Bereits vor vielen Jahren wurde dem weltweit anerkannten Mediziner erstmals vorgeworfen, er missbrauche seine Stellung als Arzt. Nun wurde ein Urteil gefällt – doch abgeschlossen ist der Fall womöglich noch nicht.

Am 22. Verhandlungstag erschallt ein Schrei vor dem Saal 135 des Amtsgerichtes Berlin. Zwei Männer umarmen sich im Flur, umringt werden sie von mehreren Vertrauten. Sie alle waren gekommen, um einen der Opferzeugen zu unterstützen. Der verurteilte Arzt Heiko J. und seine Rechtsvertreter waren da längst den Gang hinunter verschwunden und nicht mehr zu sehen.

Das Urteil wegen sexuellen Missbrauchs: 150 Tagessätze à 300 Euro

An diesem Montag ist der Berliner HIV-Spezialist Heiko J. in einem Fall wegen sexuellen Missbrauchs unter Ausnutzung des Behandlungsverhältnisses zu einer Geldstrafe von 150 Tagessätzen à 300 Euro verurteilt worden. 30 Tagessätze wurden ihm erlassen, da das Verfahren außergewöhnlich lange gedauert hatte.

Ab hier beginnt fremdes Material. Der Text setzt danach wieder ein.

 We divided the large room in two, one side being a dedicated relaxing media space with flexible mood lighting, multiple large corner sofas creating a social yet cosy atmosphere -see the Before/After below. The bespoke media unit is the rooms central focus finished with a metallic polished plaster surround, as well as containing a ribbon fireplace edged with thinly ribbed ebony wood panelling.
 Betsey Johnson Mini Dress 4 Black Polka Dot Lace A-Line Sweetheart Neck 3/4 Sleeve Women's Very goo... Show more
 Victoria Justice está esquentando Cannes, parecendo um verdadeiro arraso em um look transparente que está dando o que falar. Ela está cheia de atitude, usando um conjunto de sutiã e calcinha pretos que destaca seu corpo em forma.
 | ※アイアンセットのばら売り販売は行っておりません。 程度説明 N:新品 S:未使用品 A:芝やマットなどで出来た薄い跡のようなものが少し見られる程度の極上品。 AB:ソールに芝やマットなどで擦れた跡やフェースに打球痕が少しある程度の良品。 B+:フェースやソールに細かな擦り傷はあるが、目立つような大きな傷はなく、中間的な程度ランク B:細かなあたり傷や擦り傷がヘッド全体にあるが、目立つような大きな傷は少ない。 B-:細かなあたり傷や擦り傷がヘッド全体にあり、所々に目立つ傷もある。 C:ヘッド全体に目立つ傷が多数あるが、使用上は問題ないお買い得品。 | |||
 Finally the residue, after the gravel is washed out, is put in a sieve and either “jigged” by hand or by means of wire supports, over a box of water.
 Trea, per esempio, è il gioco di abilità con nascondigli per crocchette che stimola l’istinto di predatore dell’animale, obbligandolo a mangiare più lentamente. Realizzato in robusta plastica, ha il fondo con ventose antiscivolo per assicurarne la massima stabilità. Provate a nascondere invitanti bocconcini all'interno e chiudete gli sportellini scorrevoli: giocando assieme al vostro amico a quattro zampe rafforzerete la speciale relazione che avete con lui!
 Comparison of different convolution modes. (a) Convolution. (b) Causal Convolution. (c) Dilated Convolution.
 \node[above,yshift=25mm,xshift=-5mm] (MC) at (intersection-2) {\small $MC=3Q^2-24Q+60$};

In drei weiteren Fällen wurde Heiko J. freigesprochen. Die Staatsanwaltschaft hatte elf Monate auf Bewährung in drei Fällen gefordert. Ein weiterer Fall war abgetrennt worden, weil die Zeugin, eine trans Frau, derzeit psychologisch nicht vernehmungsfähig ist. In einem fünften Fall hatte die Staatsanwaltschaft auf Freispruch plädiert. Zu Gunsten des Arztes berücksichtigte das Gericht, dass Heiko J. bislang strafrechtlich nicht in Erscheinung getreten war und durch das Verfahren persönlich erheblich belastet wurde – sowohl weil sich das Verfahren über so lange Zeit gezogen hatte, als auch durch die Presseberichterstattung zu dem Fall. Die sexuelle Handlung an seinem Patienten sei zudem sehr kurz gewesen und bewege sich nicht am oberen Rand von dem, was vorstellbar ist, so der Vorsitzende Richter Rüdiger Kleingünther.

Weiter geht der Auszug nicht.